Evolutionary potential mitigates extinction risk under climate change in the endangered southwestern willow flycatcher.

The complexity of global anthropogenic change makes forecasting species responses and planning effective conservation actions challenging. Additionally, important components of a species' adaptive capacity, such as evolutionary potential, are often not included in quantitative risk assessments due to lack of data. While genomic proxies for evolutionary potential in at-risk species are increasingly available, they have not yet been included in extinction risk assessments at a species-wide scale. In this study, we used an individual-based, spatially explicit, dynamic eco-evolutionary simulation model to evaluate the extinction risk of an endangered desert songbird, the southwestern willow flycatcher (Empidonax traillii extimus), in response to climate change.
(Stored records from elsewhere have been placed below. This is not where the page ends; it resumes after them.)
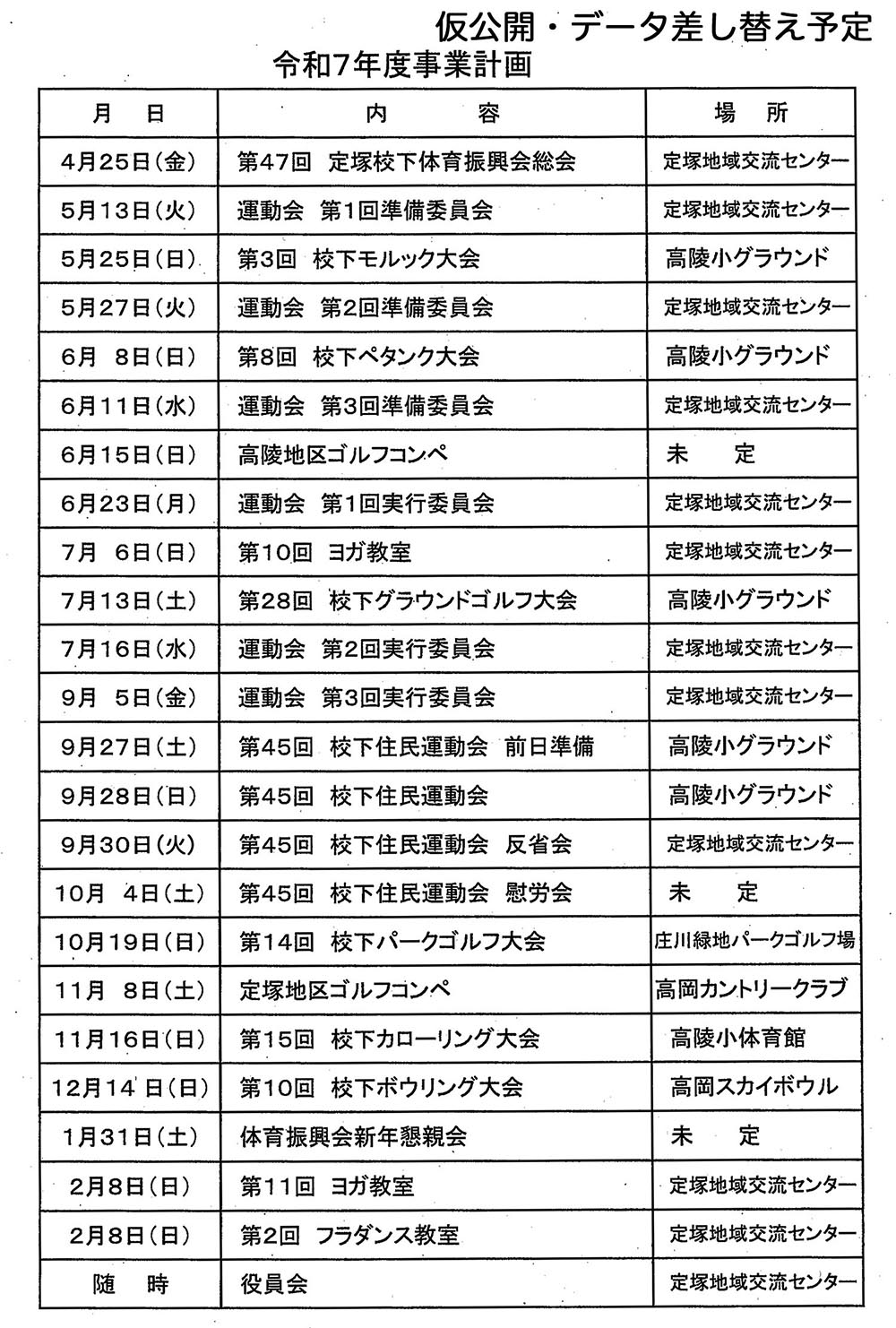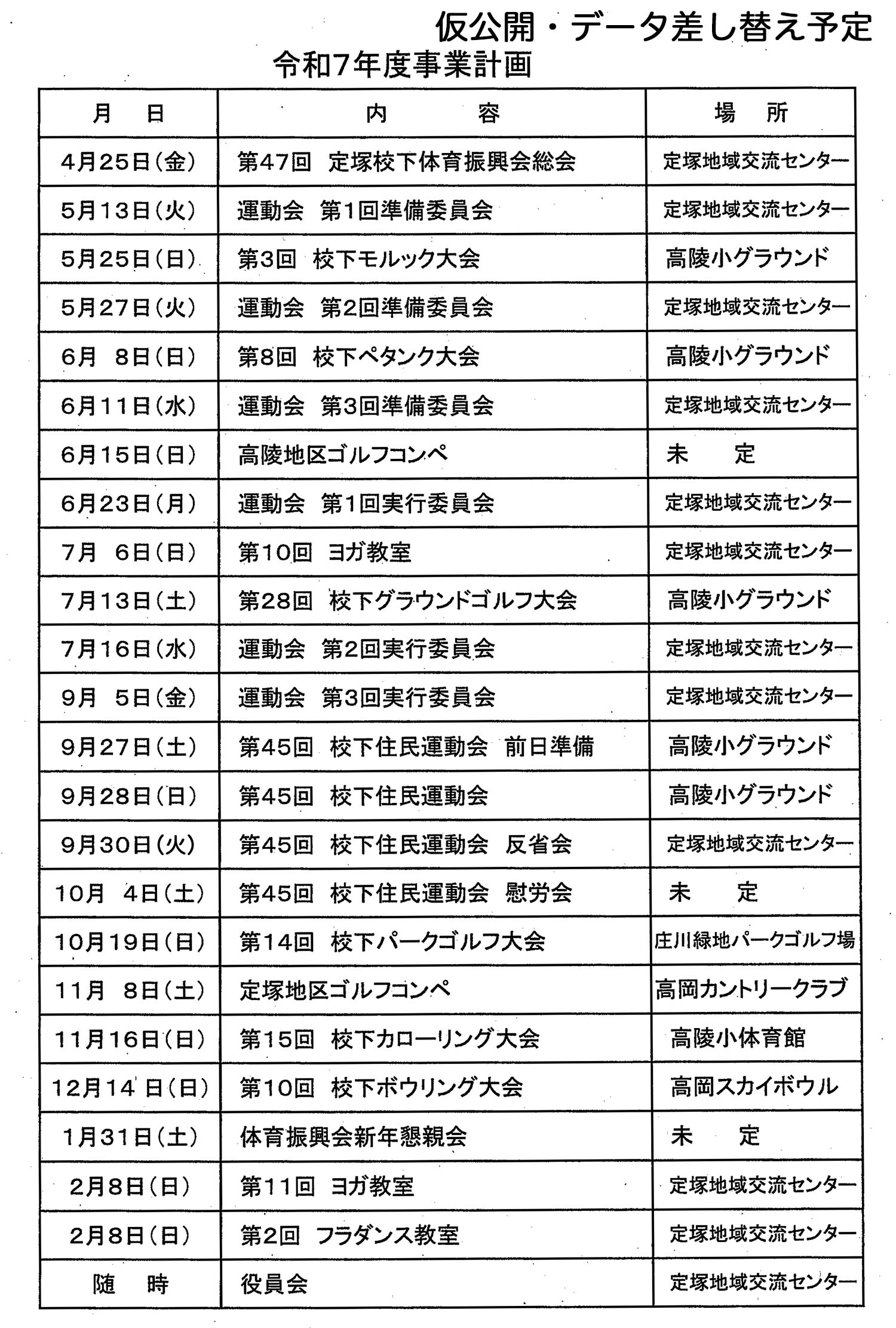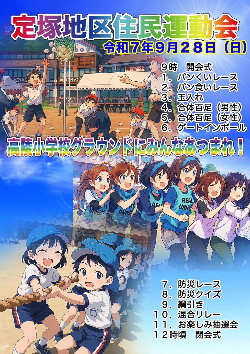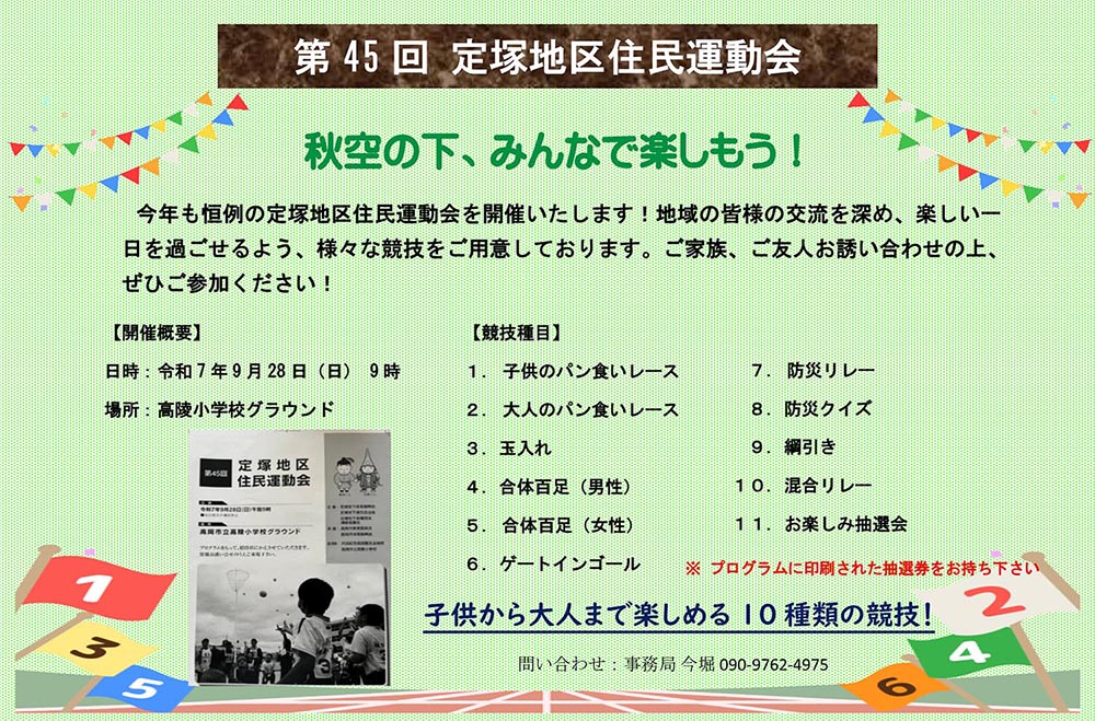 令和7年9月28日(日)秋晴れのもと、高陵小学校グラウンドで「定塚地区住民運動会」が開催されました。全10種目が行われ、子どもから大人まで笑顔いっぱいの一日となりました。リレーでは各チームが真剣勝負を繰り広げ、会場は大いに盛り上がりました。最後にはお楽しみ抽選会も行われ、歓声と笑顔があふれる楽しい運動会となりました。
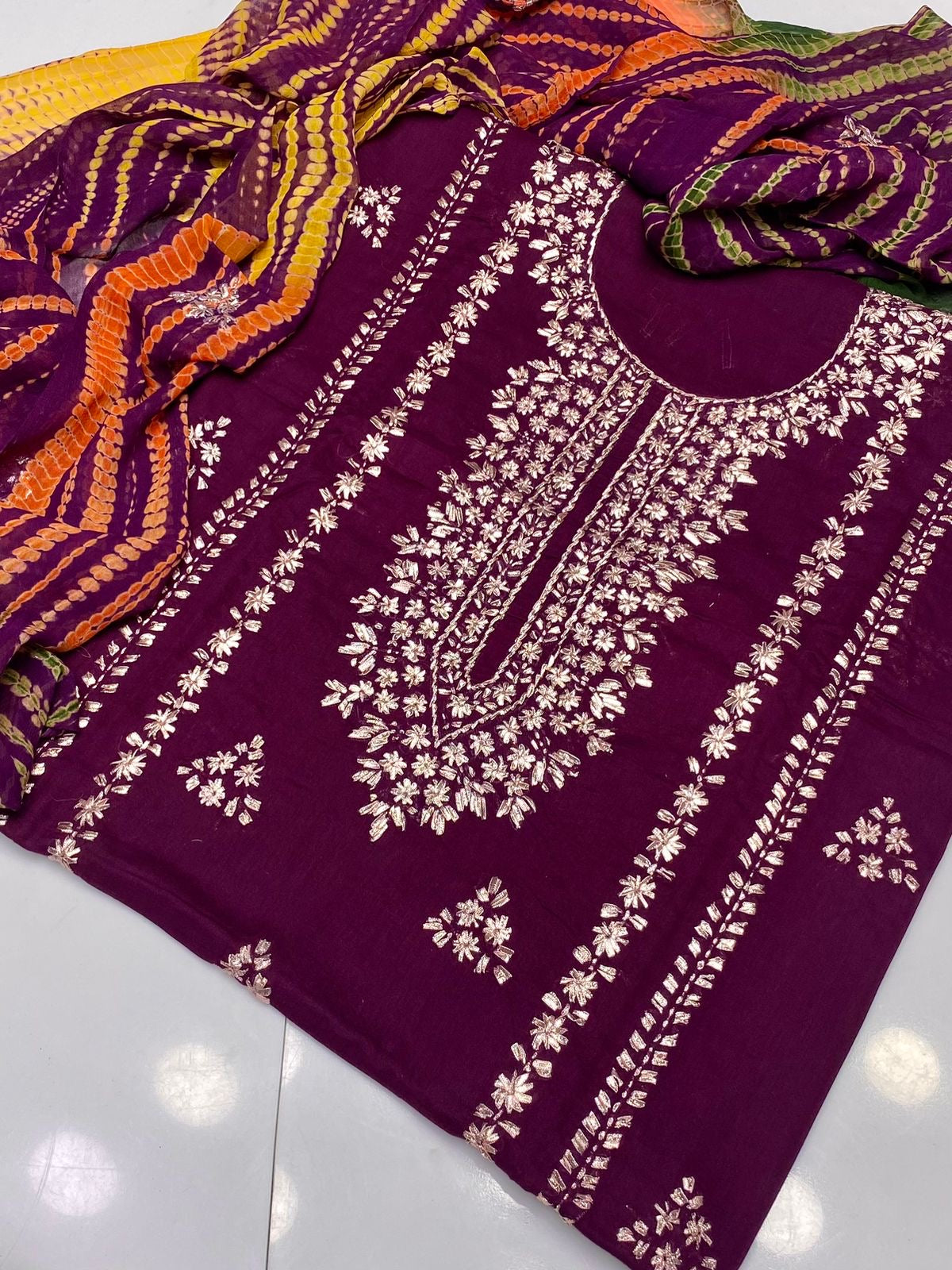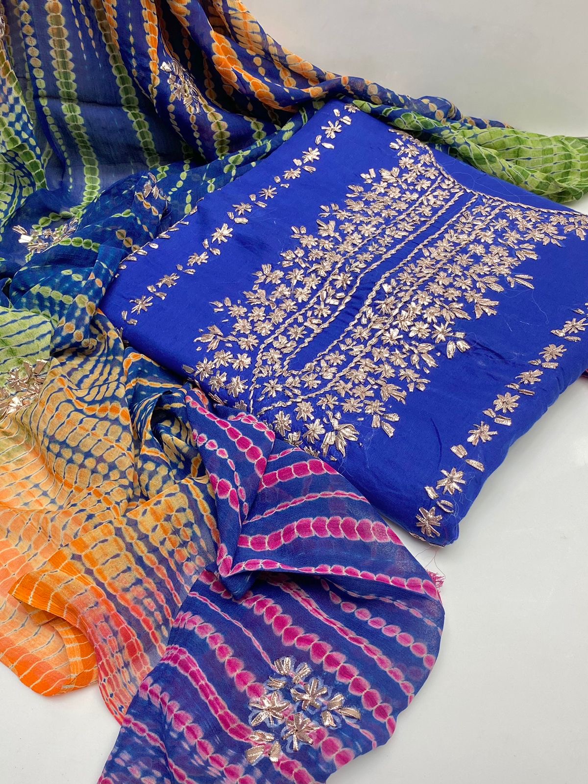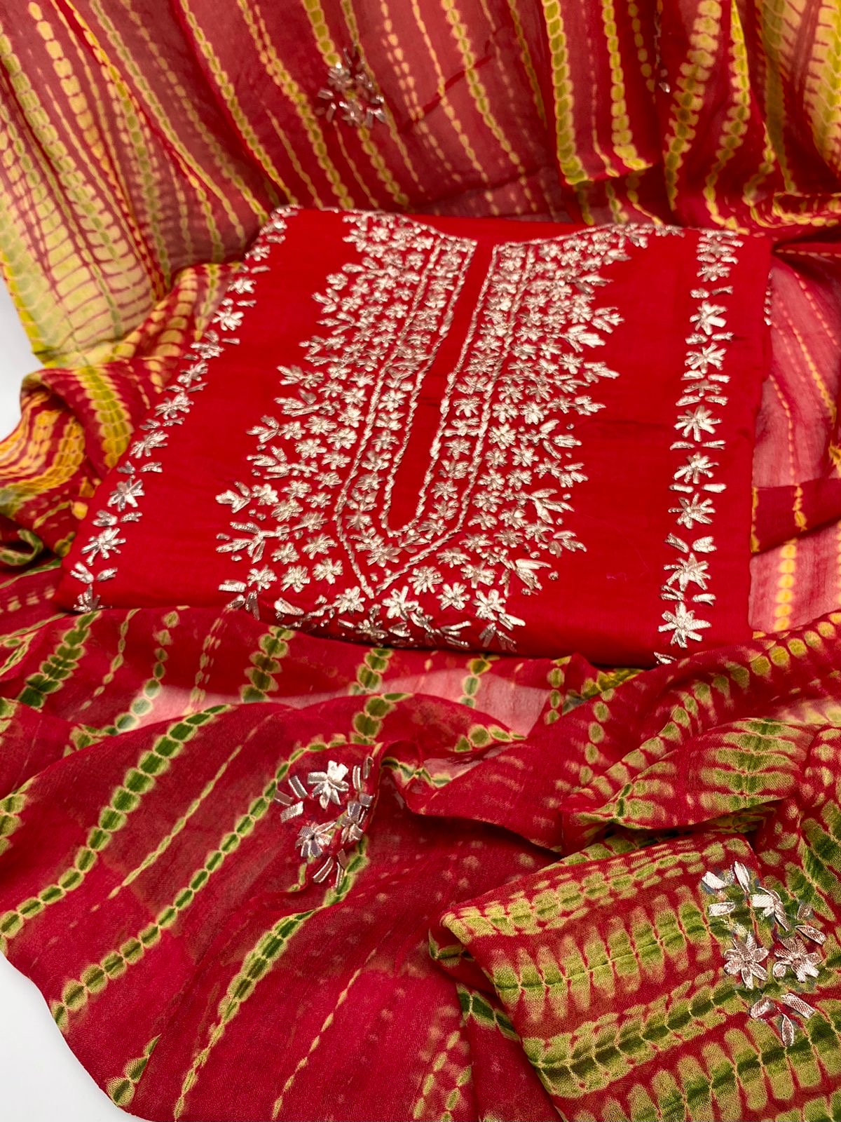 Handmade Gotta work on Lawn embroidered shirt with embroidered shiffon tie nd dye dupatta along
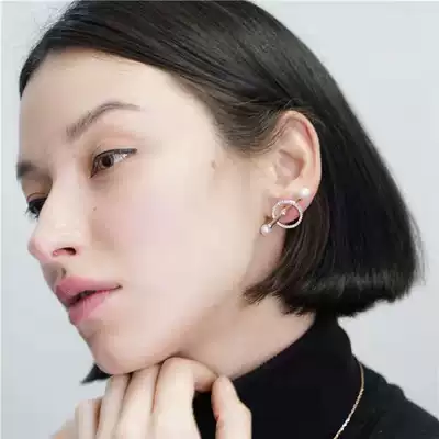 FEO Finland bamboo treasure circle pearl flash diamond earrings female temperament fashion ear needle female simple small elegant
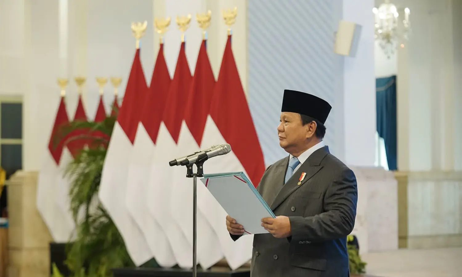Presiden Prabowo saat pelantikan Badan Industri Mineral dan Badan Otorita Pengelola Pantai Utara Jawa, Senin (25/8/2025) (Foto: IG/@presidenrepublikindonesia)
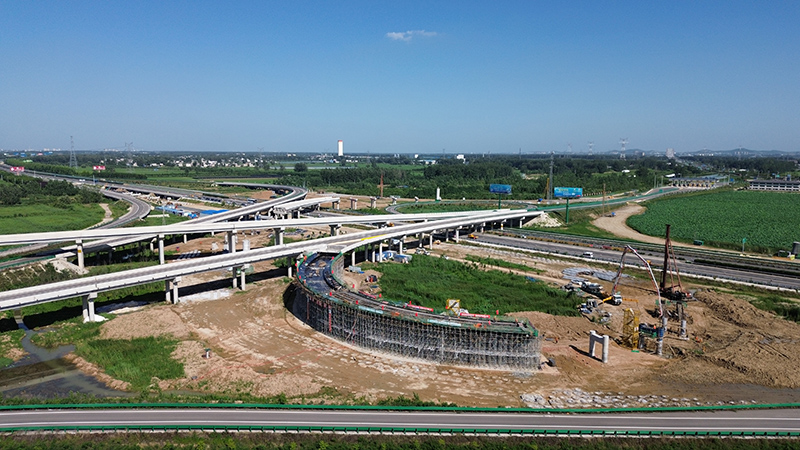 我标段承建的固蚌高速洪集枢纽二期工程,为落地式组合枢纽,向西距蚌埠北互通4.3公里,枢纽互通向南连接国道G329,设匝道收费站。项目建成后将实现与宁洛高速公路之间的交通转换及国道G329交通直接上下高速公路的功能,便捷了蚌埠市从洪集出入口上下宁洛高速,缓解了该市东北部交通压力。

Using data from long-term demographic and habitat studies in conjunction with genome-wide ecological genomics research, we parameterized simulations that include 418 sites across the breeding range, genomic data from 225 individuals, and climate change forecasts spanning 3 generalized circulation models and 3 emissions scenarios. We evaluated how evolutionary potential, and the lack of it, impacted population trajectories in response to climate change. We then investigated the compounding impact of drought and warming temperatures on extinction risk through the mechanism of increased nest failure. Finally, we evaluated how rapid action to reverse greenhouse gas emissions would influence population responses and species extinction risk. Our results illustrate the value of incorporating evolutionary, demographic, and dispersal processes in a spatially explicit framework to more comprehensively evaluate the extinction risk of threatened and endangered species and conservation actions to promote their recovery.